--- SUPPLIED DATA Enclosed Below ---

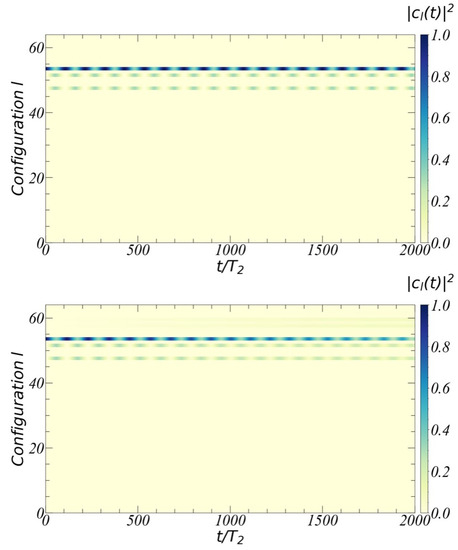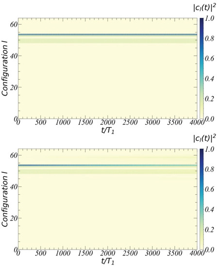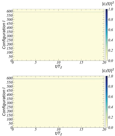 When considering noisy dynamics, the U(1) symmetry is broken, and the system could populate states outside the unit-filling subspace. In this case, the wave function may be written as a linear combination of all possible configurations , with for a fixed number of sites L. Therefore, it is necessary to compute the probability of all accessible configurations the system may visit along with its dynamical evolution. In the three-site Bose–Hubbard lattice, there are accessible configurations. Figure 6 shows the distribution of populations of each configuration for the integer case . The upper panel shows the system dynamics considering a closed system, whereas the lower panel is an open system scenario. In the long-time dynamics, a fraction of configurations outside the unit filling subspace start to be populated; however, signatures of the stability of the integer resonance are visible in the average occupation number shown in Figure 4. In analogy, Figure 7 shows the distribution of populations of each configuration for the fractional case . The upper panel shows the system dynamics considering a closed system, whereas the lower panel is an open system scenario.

--- End of Enclosed SUPPLIED DATA ---
--- SUPPLIED DATA Enclosed Below ---

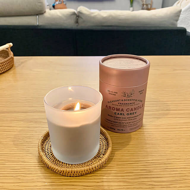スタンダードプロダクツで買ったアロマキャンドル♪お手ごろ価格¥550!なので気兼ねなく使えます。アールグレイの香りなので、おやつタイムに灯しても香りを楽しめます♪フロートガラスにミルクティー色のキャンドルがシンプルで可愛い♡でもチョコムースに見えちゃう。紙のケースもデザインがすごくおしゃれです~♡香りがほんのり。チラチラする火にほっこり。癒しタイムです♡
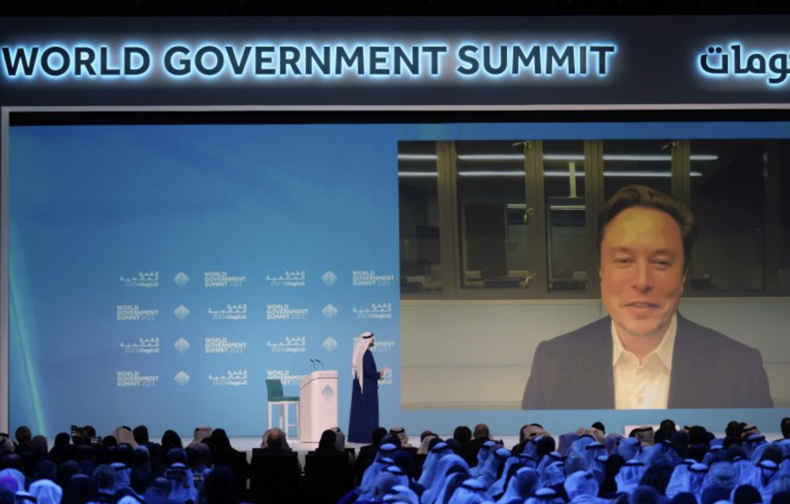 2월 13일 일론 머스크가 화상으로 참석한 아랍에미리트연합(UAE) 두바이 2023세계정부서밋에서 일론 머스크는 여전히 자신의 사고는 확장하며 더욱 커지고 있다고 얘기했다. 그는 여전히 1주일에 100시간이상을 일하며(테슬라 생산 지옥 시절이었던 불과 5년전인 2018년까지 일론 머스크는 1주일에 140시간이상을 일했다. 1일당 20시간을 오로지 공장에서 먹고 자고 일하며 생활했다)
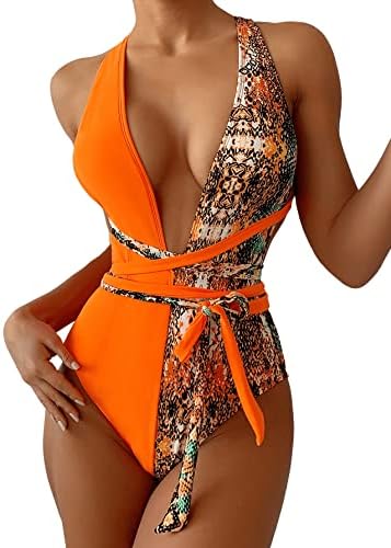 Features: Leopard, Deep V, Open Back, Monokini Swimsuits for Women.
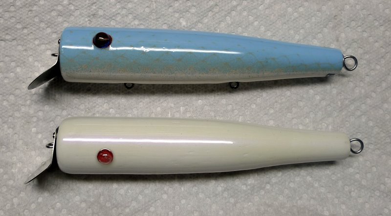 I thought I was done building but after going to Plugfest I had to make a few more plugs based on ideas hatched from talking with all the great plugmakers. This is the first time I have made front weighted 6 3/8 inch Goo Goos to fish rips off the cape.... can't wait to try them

--- End of Enclosed SUPPLIED DATA ---
--- SUPPLIED DATA Enclosed Below ---

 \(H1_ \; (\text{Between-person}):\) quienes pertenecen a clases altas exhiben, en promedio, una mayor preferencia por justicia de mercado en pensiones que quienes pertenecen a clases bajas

--- End of Enclosed SUPPLIED DATA ---

### [PROBLEM STATEMENT]
Pictures excluded, give again exactly and only the lines of the material above from the line with "スタンダードプロダクツで買っ" through the line with "I thought I".

### [TASK RESULT]
スタンダードプロダクツで買ったアロマキャンドル♪お手ごろ価格¥550!なので気兼ねなく使えます。アールグレイの香りなので、おやつタイムに灯しても香りを楽しめます♪フロートガラスにミルクティー色のキャンドルがシンプルで可愛い♡でもチョコムースに見えちゃう。紙のケースもデザインがすごくおしゃれです~♡香りがほんのり。チラチラする火にほっこり。癒しタイムです♡
 2월 13일 일론 머스크가 화상으로 참석한 아랍에미리트연합(UAE) 두바이 2023세계정부서밋에서 일론 머스크는 여전히 자신의 사고는 확장하며 더욱 커지고 있다고 얘기했다. 그는 여전히 1주일에 100시간이상을 일하며(테슬라 생산 지옥 시절이었던 불과 5년전인 2018년까지 일론 머스크는 1주일에 140시간이상을 일했다. 1일당 20시간을 오로지 공장에서 먹고 자고 일하며 생활했다)
 Features: Leopard, Deep V, Open Back, Monokini Swimsuits for Women.
 I thought I was done building but after going to Plugfest I had to make a few more plugs based on ideas hatched from talking with all the great plugmakers. This is the first time I have made front weighted 6 3/8 inch Goo Goos to fish rips off the cape.... can't wait to try them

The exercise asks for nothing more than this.